Operator: One moment for our next question. Our next question comes from the line of John McKay from Goldman Sachs.
John Mackay: I want to pick up on that last question a little bit. Can you just — I know you guys go through this every year, but can you just remind us how the 2028 MVCs will be set again effectively what kind of plan does Chevron kind of need to walk you through and it’s just interesting because it’s going to be our first time doing it with them. Just curious if that’s going to differ at all from the Hess process before.
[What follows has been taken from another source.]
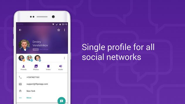 Flipsi repräsentiert alle Vorteile der sozialen Netzwerke und Messenger in einer Anwendung! Das ist ein absolut kostenloser Service ohne aufdringliche Werbung! Es vereinigt populäre soziale Netzwerke und aktuelle Messenger (Twitter, Yahoo!, Tencent Weibo, Vkontakte, Moj Mir (meine Welt), Jabber, ICQ, Telegram; es ist ebenfalls eine Integration mit Sina Weibo, QQ, Baidu, Skype eingeplant). Flips gewährt umfassende Möglichkeiten für eine grenzenlose Kommunikation. Es ist eine einfache und schnelle Anwendung, auf die Sie so lange gewartet haben! Enjoy!

Jonathan Stein: Yes. There’s no change to the process. The process is really baked into the commercial agreements that we have now with Chevron. And the process is essentially they deliver to us their development plan through the end of the term of the contract. We develop a system plan, which is really the infrastructure required to develop that plan. And then essentially, the MVC is set at 80% of the third year of that development plan. So that’s really no change. It’s a very mechanical type process. Obviously, we work together to put together that development plan and system plan together with the goal of optimizing the Bakken, that’s a win-win and in everyone’s best interest. But in terms of the process of the mechanics of a MVC, that’s really the process that’s defined in the commercial agreements, and that hasn’t changed at all.
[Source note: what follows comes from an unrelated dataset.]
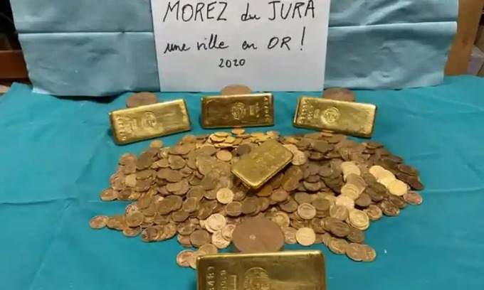Lãnh đạo thị trấn Morez bối rối khi phát hiện 5 thỏi vàng, 1.000 đồng tiền vàng trị giá hàng trăm nghìn Euro trong một ngôi nhà cũ.

John Mackay: That’s helpful. And then maybe just one clarification. I think if we go through what you guys have been talking about before, you guys are pretty comfortable, I think, arguing that the 200 a day run rate that Chevron wants to flow. That can be hit on the 3-rig program. So the 4 would have put you, I guess, decently about that. Is that the implication?
Jonathan Stein: Yes. I think what I would say is, and you could see that in our previous guidance before we updated it. That was based on a 4-rig program, and we had growth in both oil and gas and the gas being a function of the oil growth and obviously associated gas you’re going to have growth in gas plus then just GOR is increasing as well. So then now under the current plan, you’re really seeing oil plateau and gas continue to grow. So yes, the implication there is that previously in 4 rigs because of the efficiencies and productivities that has now, Chevron has been able to achieve, they were able to achieve what they’re able to get historically at 4-rigs, they were able to now get a 3-rig and continuing to run at 4-rigs would have really taken you above that goal of plateauing a 200,000 BOE per day.
Operator: Thank you. This concludes today’s conference call. Thank you for participating. You may now disconnect.